Another interesting debate covered the Trump administration’s policy on Saudi Arabia’s nuclear energy program. While Thompson was forthright that the U.S. position will always be the famed “gold standard,” she was noncommittal on whether that was the Trump administration’s “going-in position or a requirement,” instead saying that an agreement could take the form of a memorandum of understanding, a 123 agreement (named for the section of the Atomic Energy Act of 1954 that regulates American exports of nuclear technology), or something else. One point that she did stress several times, however, is that U.S. companies must attain access to the Saudi nuclear industry or else lose market share to Russia and China. Given that this seemed to mirror the administration’s position—led by Jared Kushner—on selling nuclear technology to the Saudis without an agreement, her answers were not reassuring.
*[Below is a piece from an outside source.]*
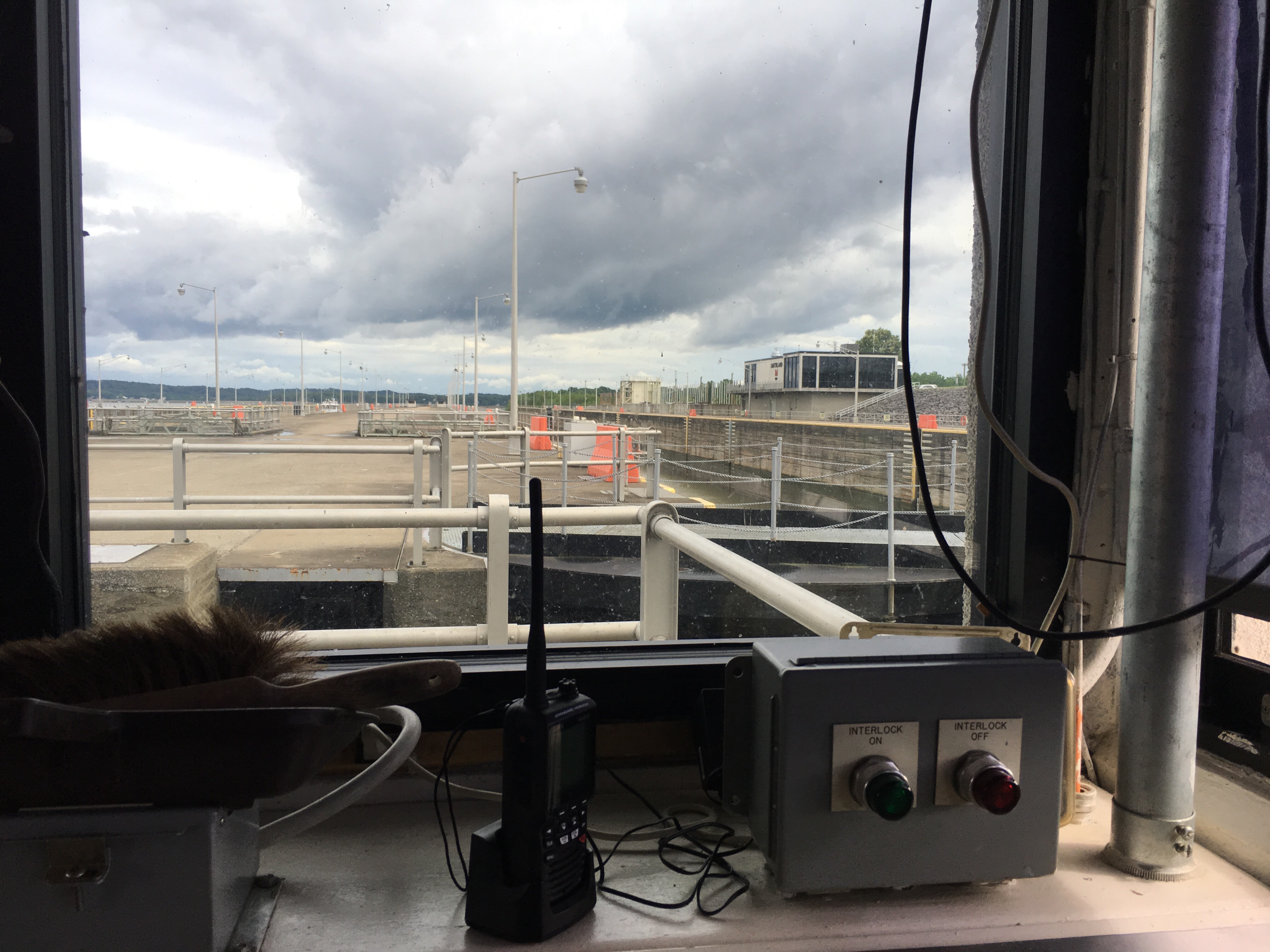wheels back on the canoe and that helped immensely! While longer than the last one, it was relative easy in terms of energy thanks to the wheels. We had to just get it up on grassy incline to the flat area. At this dam we watched a man fishing for bait fish with a net he would throw out. Fascinating.

Just coming off a poor showing in Hanoi, Steve Biegun arguably had the more difficult job of the two speakers given that he had to answer the skeptical questions of New York Times Pentagon correspondent Helene Cooper. The first hurdle he had to jump pertained to whether the administration would consider pursuing a more incremental path toward North Korean denuclearization after Hanoi, which he firmly rejected. In his view, “diplomacy was still alive,” but an incremental path would let the North Koreans trade “portions” of their nuclear program for sanctions relief, thereby undermining the international unity on sanctions while only offering up their capabilities piecemeal.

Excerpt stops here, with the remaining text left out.